The main strength of the study was a novel approach, using a single pQCT slice of L4 in artificial intelligence-based sex estimation. Importantly, the best algorithm reached an accuracy of 86.4%. The proof-of-concept aim of the study was fulfilled. The main limitations were a relatively small sample size, wide age range, and lack of external validation. Although inter-observer bias cannot be fully ruled out, manual work was only required in few strictly standardized steps during the process (i.e., positioning of the vertebra for pQCT and image curation). However, in future applications, the pipeline would ideally be fully automated.
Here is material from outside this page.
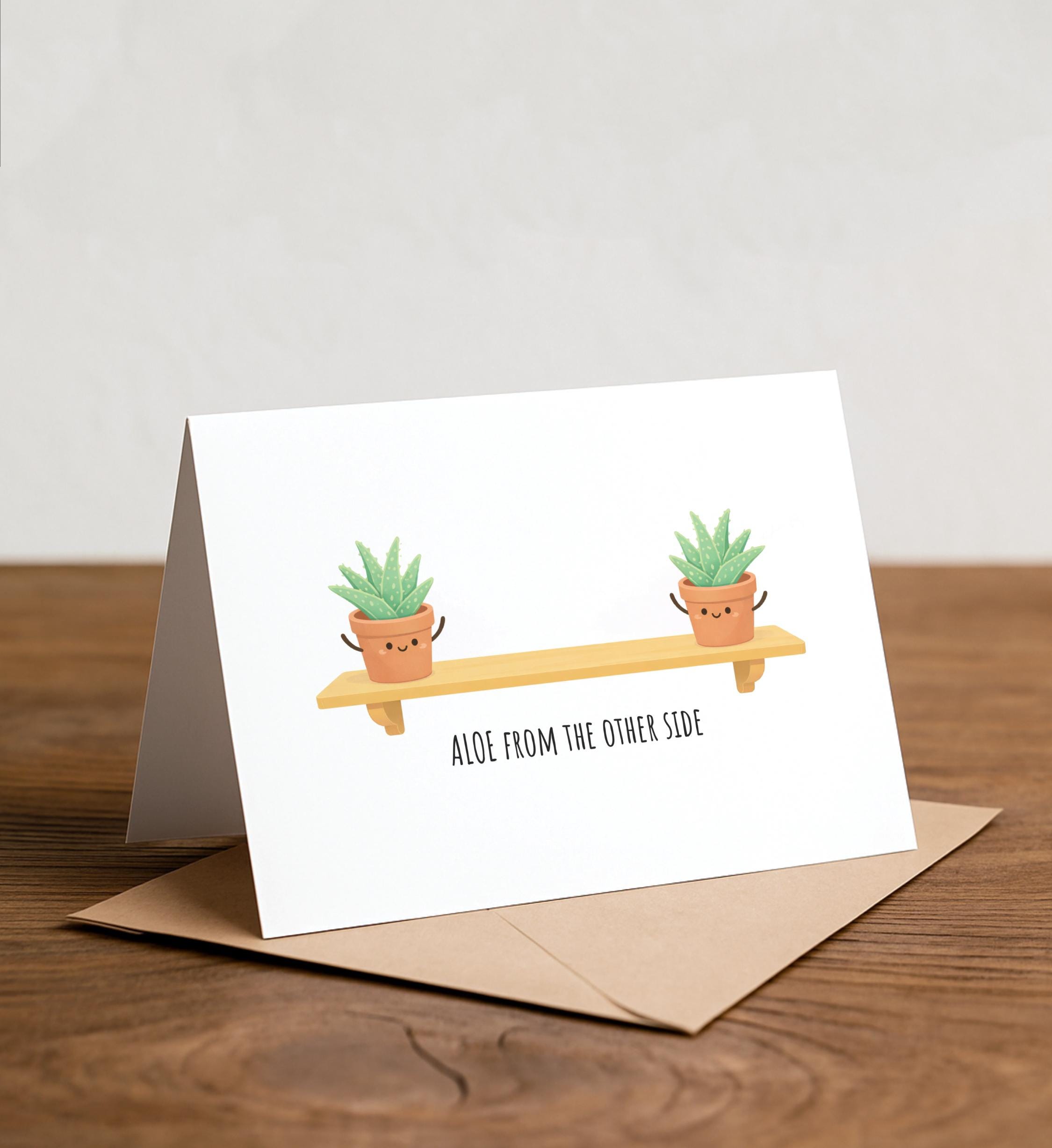 ALOE from the other side - Social distancing Greeting Card, Happy Card, I Love You Card, hello, greetings, aloe, adele, shelf, plant card

The lack of transparency remains a great limitation of artificial intelligence-based methods, especially in the legal context. As a standalone concept, artificial intelligence lacks reliability, since it may be subject to varying kinds of bias, but cannot be examined similarly to a human witness in the courtroom [38]. The authors, therefore, suggest that algorithms should primarily serve as additional tools for forensic anthropologists. The final interpretation of a case would always remain with the expert, preferably combining artificial intelligence-based tools with conventional evidence.

Conclusion

In this study of 117 midcoronal pQCT slices of the L4 vertebra, a LeNet5-based deep learning algorithm reached a sex estimation accuracy of 86.4%. This preliminary finding advances the field by encouraging and directing future research on artificial intelligence-based methods in sex estimation from individual skeletal elements such as vertebrae. Combining quickly obtained imaging data with automated deep learning algorithms may establish a valuable pipeline for forensic anthropology and provide aid when combined with traditional methods.

Key points

  1. 1.

    The vertebrae display clear sex discrepancy and have proven accurate in conventional morphometric sex estimation.

  2. 2.

    This study tested the application of several deep learning algorithms for sex estimation from a single computed tomography slice of the fourth lumbar vertebra (L4).

  3. 3.

    A LeNet5-based algorithm reached the highest accuracy of 86.4% in the test set.

  4. 4.

    This finding encourages future studies on artificial intelligence methods in sex estimation from individual skeletal traits such as the vertebrae.